Saat menempuh pendidikan di perguruan tinggi, Gao bekerja paruh waktu demi meringankan beban keuangan. Ia kemudian menikahi teman sekolahnya, dan pasangan tersebut tidak memiliki anak. Dalam buku hariannya saat berusia 16 tahun, Gao menulis, “Takdir dan kesulitan yang kuhadapi mendorongku untuk menjadi dewasa. Aku harus bekerja lebih keras lagi.”
Setelah kepergiannya, Li menerima banyak ucapan belasungkawa dari teman-teman dan mantan teman sekelas Gao. Salah satu dari mereka bahkan menceritakan kisah ketika Gao pernah mengejar dan menangkap pencuri tas bersama teman-temannya. Cerita yang awalnya dianggap Li sebagai bualan, tapi kemudian dibenarkan dengan foto-foto kejadian tersebut.
Budaya Kerja Lembur di China dan Respons Publik
Di China, perusahaan teknologi dikenal dengan budaya kerja keras, termasuk sistem kerja “996”, yakni bekerja dari pukul 09.00 hingga 21.00 selama enam hari dalam sepekan. Padahal, undang-undang ketenagakerjaan China menetapkan batas maksimal delapan jam kerja per hari dan 44 jam per minggu. Namun, aturan tersebut kerap tidak ditegakkan secara ketat.
Di media sosial China, banyak warganet mengaku sulit menemukan pekerjaan yang memberikan dua hari libur dalam seminggu. Sebuah laporan Organisasi Kesehatan Dunia (WHO) pada 2021 juga menunjukkan bahwa kerja lembur meningkatkan risiko kematian akibat penyakit jantung hingga 42 persen. Biro Sumber Daya Manusia dan Jaminan Sosial yang menaungi perusahaan tempat Gao bekerja menyatakan tengah menyelidiki kasus ini.

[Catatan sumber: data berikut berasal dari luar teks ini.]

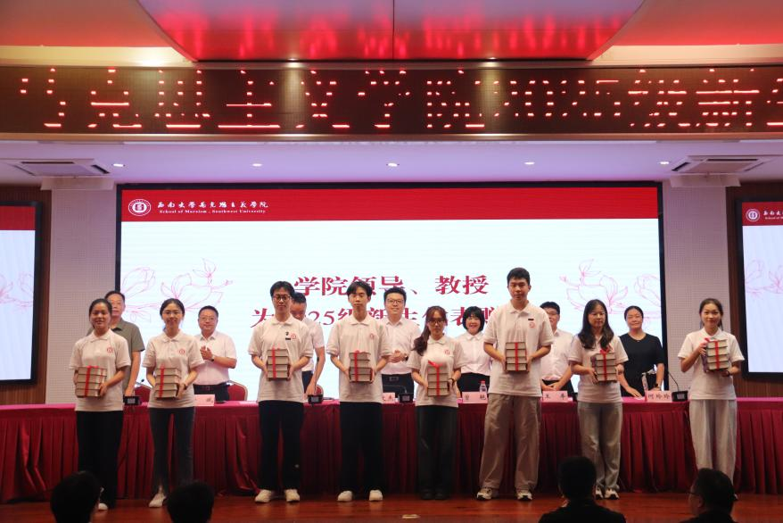公司领导、教授为2025级新生代表赠书,研究生代表和本科生代表依次上台领取赠书。公司为每位本科生准备了《共产党宣言》,为研究生准备的是一套《马克思恩格斯选集》(全4卷),一本本著作饱含着公司希望同学们用经典涵养正气、淬炼思想、升华境界、指导实践的殷切期盼。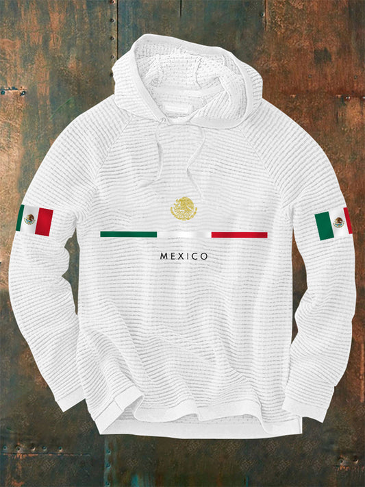 Hombres de impresión bandera mexicana Casual Waffle Hoodie

Sementara itu, gelombang empati dan kemarahan membanjiri media sosial. Banyak orang merasa melihat diri mereka sendiri dalam sosok Gao dan menyerukan perubahan mendasar dalam budaya kerja di China. “Sangat menyedihkan bahwa dia bekerja hingga detik-detik terakhir hidupnya. Tidak ada pekerjaan yang sepadan dengan itu,” tulis seorang warganet. “Pria bertanggung jawab ini akhirnya bisa beristirahat,” komentar lainnya. “Perusahaan yang hanya mencari keuntungan dari lembur karyawan seharusnya bangkrut,” tulis warganet lain.
Informasi lengkap mengenai isu ini disampaikan melalui laporan South China Morning Post dan NDTV yang dirilis pada akhir Januari dan awal Februari 2026.